▶ [Available data]:
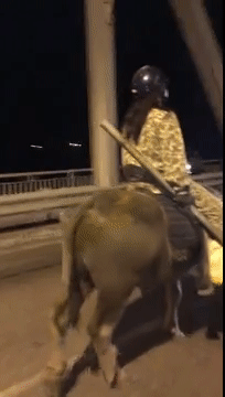 Theo hình ảnh đoạn clip ghi lại, người đàn ông chân đi ủng, đầu đội mũ bảo hiểm và tay cầm một cây gậy sắt dài. Người đàn ông này ngồi trên lưng con trâu và điều khiển để con trâu đi đúng hướng. Sự việc lạ lẫm này khiến bất kỳ người đi đường nào cũng phải ngước nhìn, thế nhưng, người đàn ông này dường như tỏ ra không quan tâm đến những ánh nhìn ấy.
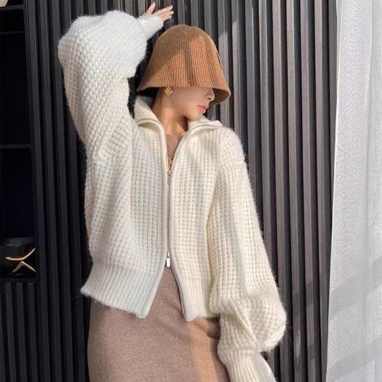 ニットカーディガン レディース ジップアップ ニットジャケット セーター 長袖 スタンドカラー ハイネック ショート丈 ボリューム袖 レトロ クラシカル きれいめ カジュアル オフィス おしゃれ
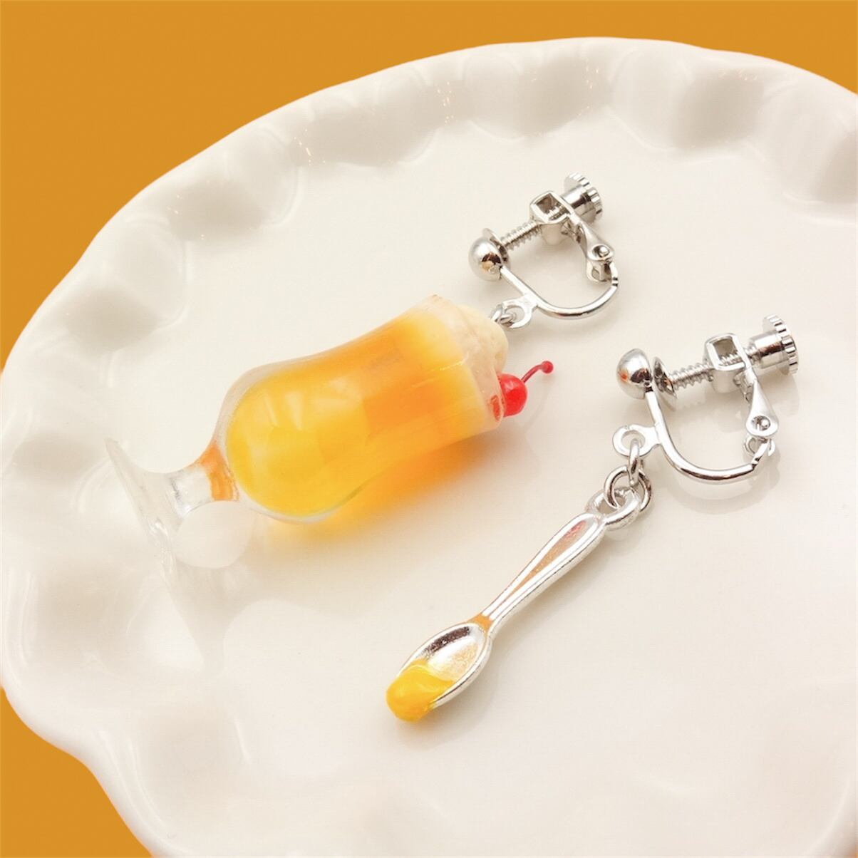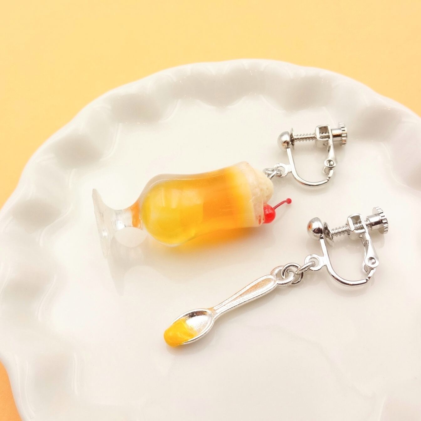 レトロなグラスを使ったミカンのクリームソーダの耳飾りです♪
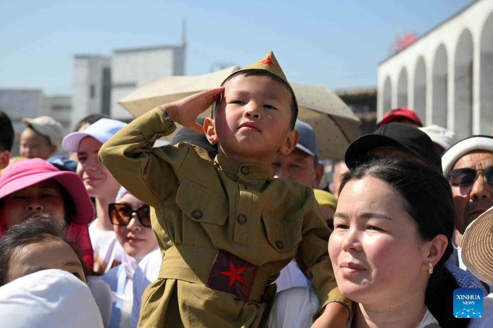 Military personnel attend a military parade marking the 80th anniversary of the victory in the Great Patriotic War, in Bishkek, Kyrgyzstan, May 8, 2025. (Office of the President of the Kyrgyz Republic/Handout via Xinhua)
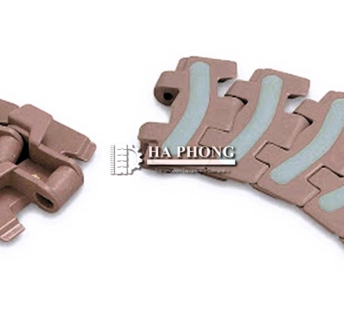 Xích nhựa 880: Thiết kế đặc biệt cho băng tải chạy cong, giúp di chuyển sản phẩm linh hoạt trên các đường cong, góc cong.
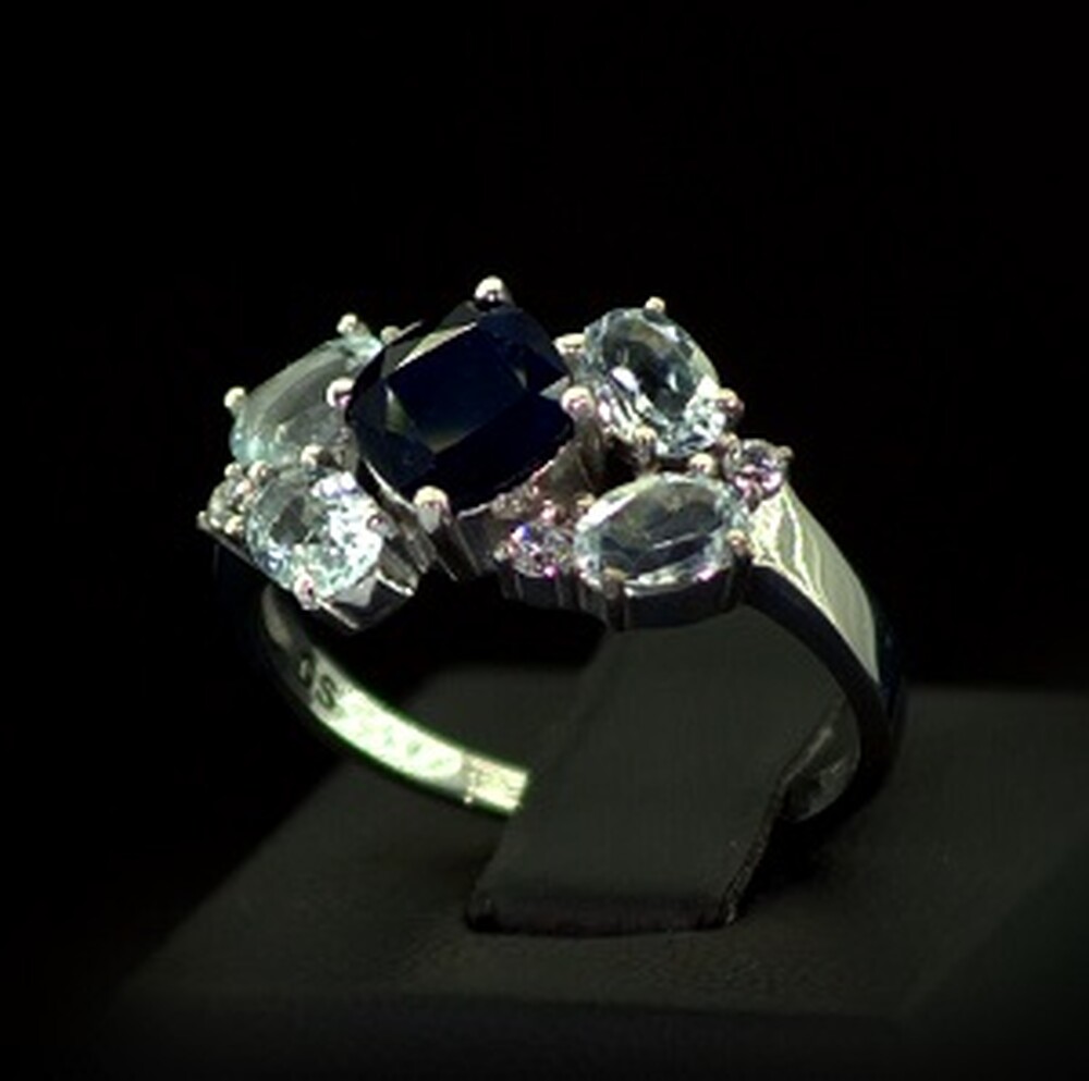 Серебряное кольцо 925 пробы 4,28 г с в'єтнамським Сапфіром, бразильскими топазами та фианитами 4,85 карат
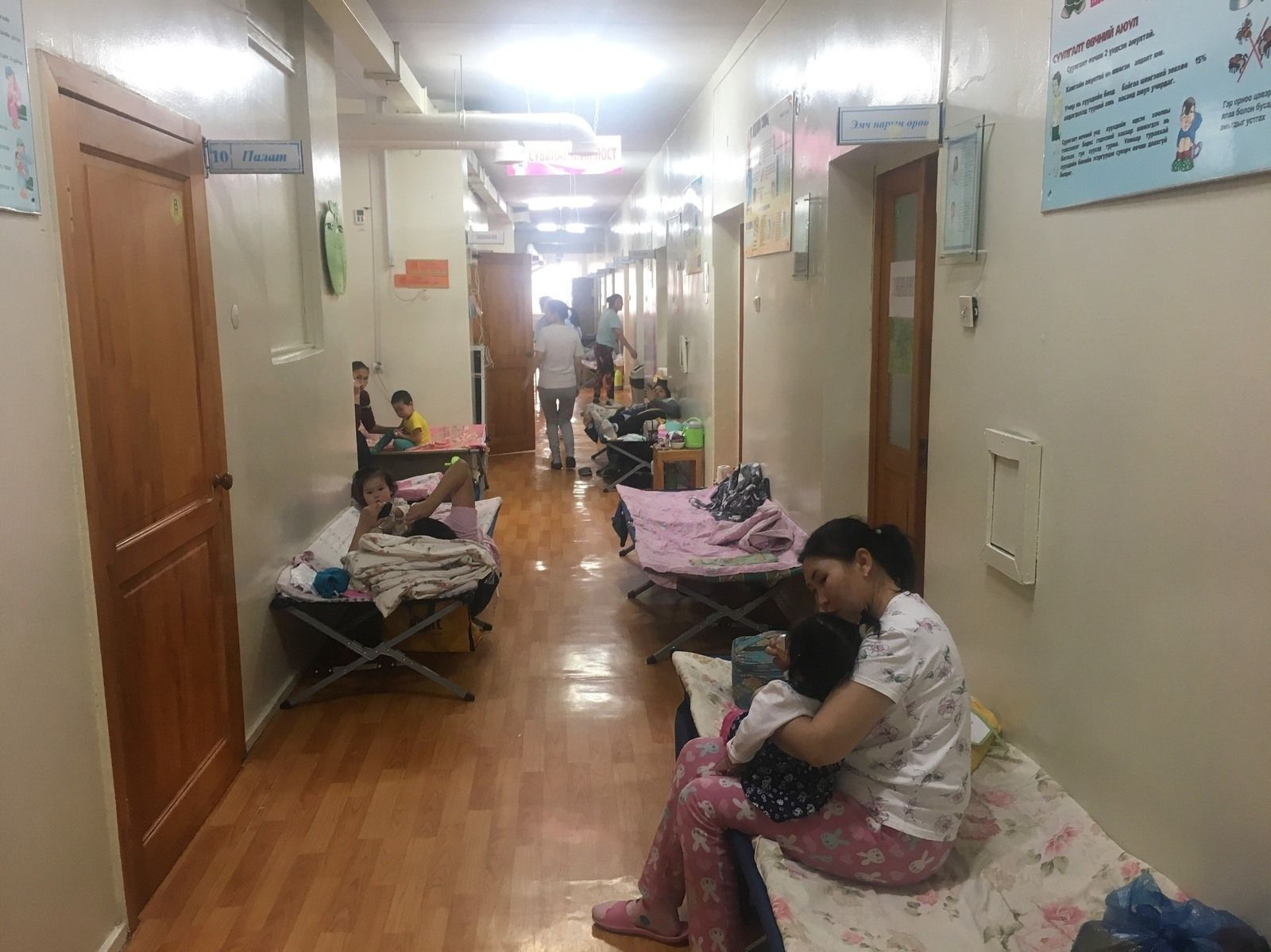 Тус эмнэлгийн хаалгаар гарч орох хүмүүсийг ажиглавал зузаан гудас, бүтээлэг эвхэж хуйлаад барьж яваа харагдана. Ор олдохгүй, газар хэвтэж байгаа гэдгийг эхнэр, хүүхдээ эмнэлгээс аваад гэртээ харих гэж буй аавуудын барьж буй эд зүйлсээс хялбархан харж болох аж. Эмнэлгийн гадаах сандал дээр хүүхдээ хөхүүлэнгээ ар гэрийнхнийгээ хүлээн суух нэгэн ээжтэй уулзах үед нэг ой гарантай охин нь бөх гэгч унтаж байлаа.
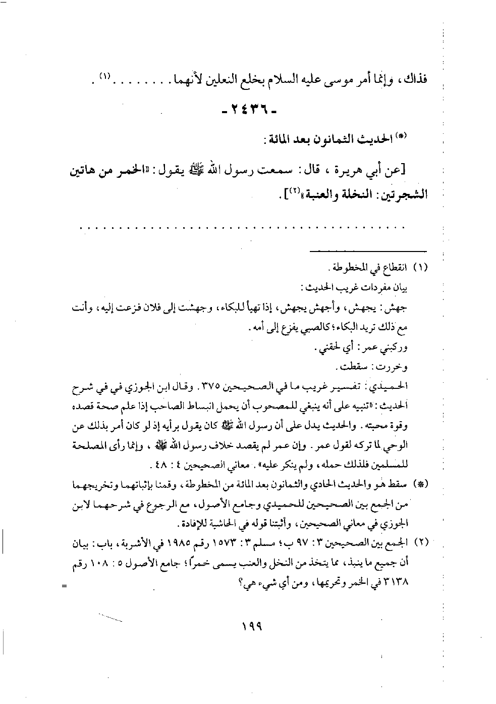 * فأما تخصيص ذلك بالنعل، فلا أرى ألا أنه - صلى الله عليه وسلم - قد كان في ذلك الانفراد مناجيا لله عز وجل، وقد كان موسى عند دنوه للمناجاة أمر بخلع نعليه، فإن كان أراد أن الجمع بين خلع النعلين وبين جعلهما علامة لم يذكره أبو هريرة عنه
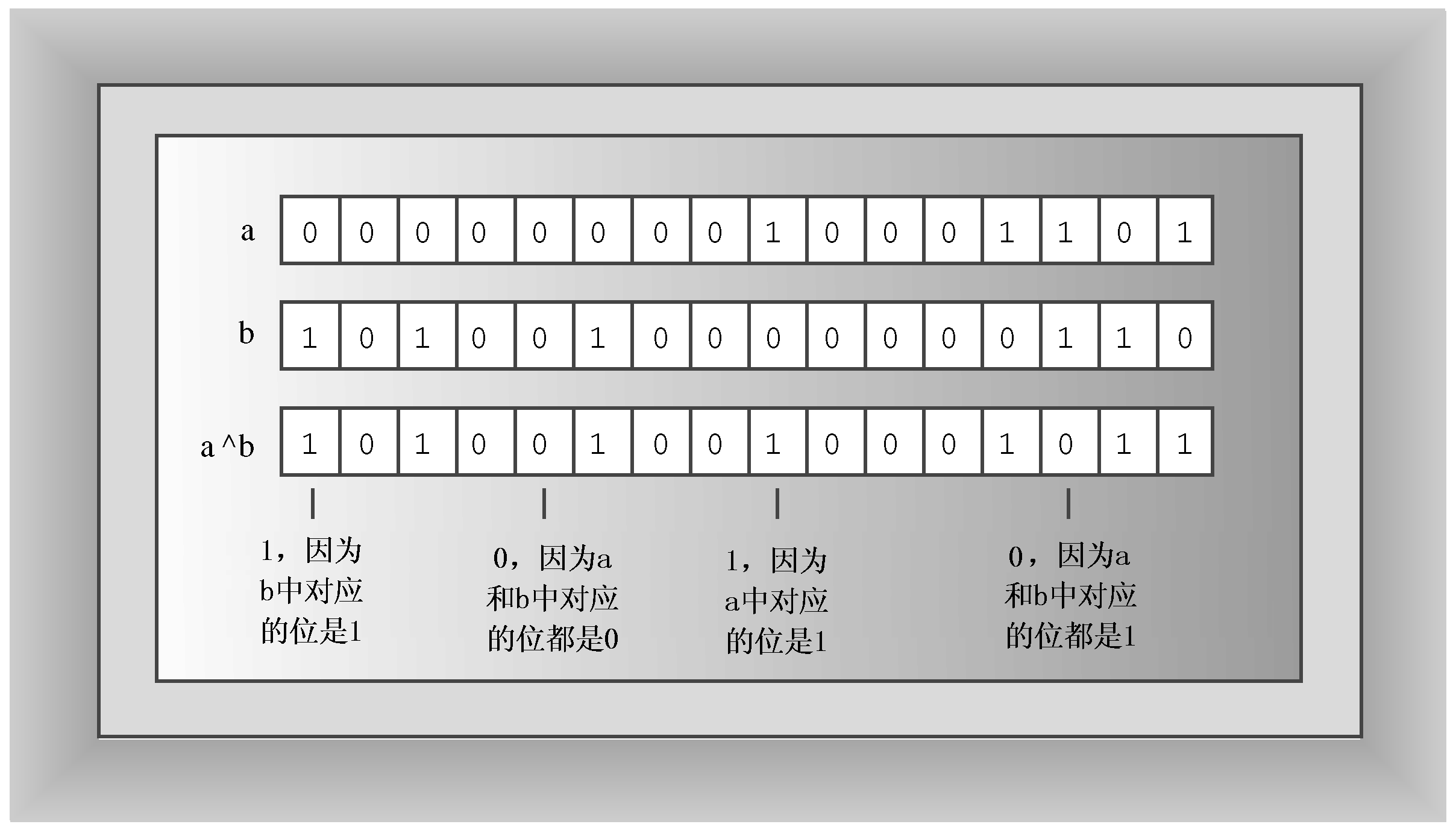 按位运算符XOR(^)将两个整数值结合起来,生成一个新的整数值。如果原始值中对应的位有一个(而不是两个)为1,则新值中相应位为1;如果对应的位都为0或1,则新值中相应位为0(参见图E.5)。
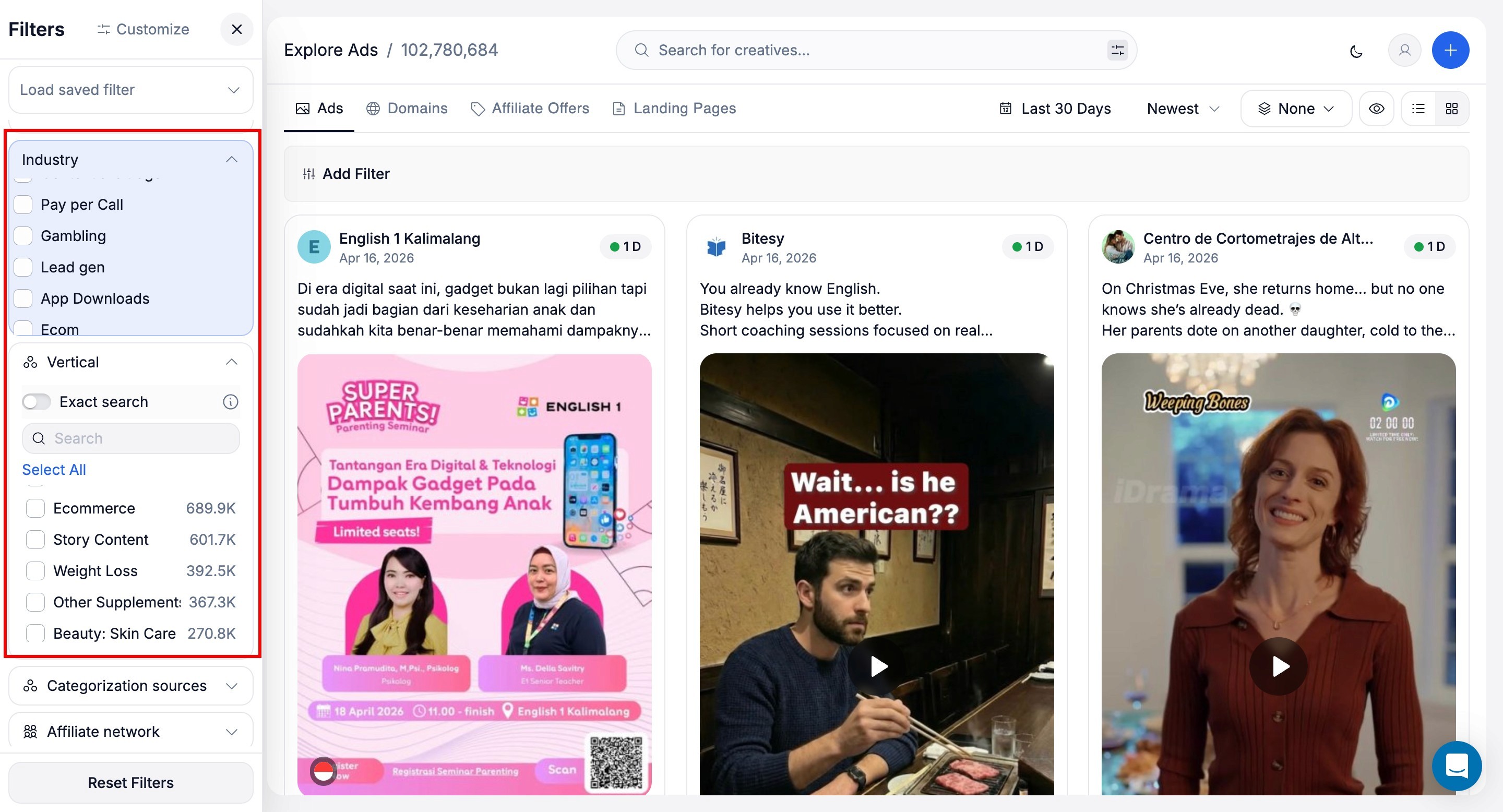 This lets you skip past generic creatives and go straight to advertisers running structured lead gen funnels in your vertical.

▶ [Your assignment]:
Your copy should hold only the lines from the line with "Military personnel attend" through the end of the data above, both ends included, transcribed exactly and without pictures.

▶ [Reply to the task]:
 Military personnel attend a military parade marking the 80th anniversary of the victory in the Great Patriotic War, in Bishkek, Kyrgyzstan, May 8, 2025. (Office of the President of the Kyrgyz Republic/Handout via Xinhua)
 Xích nhựa 880: Thiết kế đặc biệt cho băng tải chạy cong, giúp di chuyển sản phẩm linh hoạt trên các đường cong, góc cong.
 Серебряное кольцо 925 пробы 4,28 г с в'єтнамським Сапфіром, бразильскими топазами та фианитами 4,85 карат
 Тус эмнэлгийн хаалгаар гарч орох хүмүүсийг ажиглавал зузаан гудас, бүтээлэг эвхэж хуйлаад барьж яваа харагдана. Ор олдохгүй, газар хэвтэж байгаа гэдгийг эхнэр, хүүхдээ эмнэлгээс аваад гэртээ харих гэж буй аавуудын барьж буй эд зүйлсээс хялбархан харж болох аж. Эмнэлгийн гадаах сандал дээр хүүхдээ хөхүүлэнгээ ар гэрийнхнийгээ хүлээн суух нэгэн ээжтэй уулзах үед нэг ой гарантай охин нь бөх гэгч унтаж байлаа.
 * فأما تخصيص ذلك بالنعل، فلا أرى ألا أنه - صلى الله عليه وسلم - قد كان في ذلك الانفراد مناجيا لله عز وجل، وقد كان موسى عند دنوه للمناجاة أمر بخلع نعليه، فإن كان أراد أن الجمع بين خلع النعلين وبين جعلهما علامة لم يذكره أبو هريرة عنه
 按位运算符XOR(^)将两个整数值结合起来,生成一个新的整数值。如果原始值中对应的位有一个(而不是两个)为1,则新值中相应位为1;如果对应的位都为0或1,则新值中相应位为0(参见图E.5)。
 This lets you skip past generic creatives and go straight to advertisers running structured lead gen funnels in your vertical.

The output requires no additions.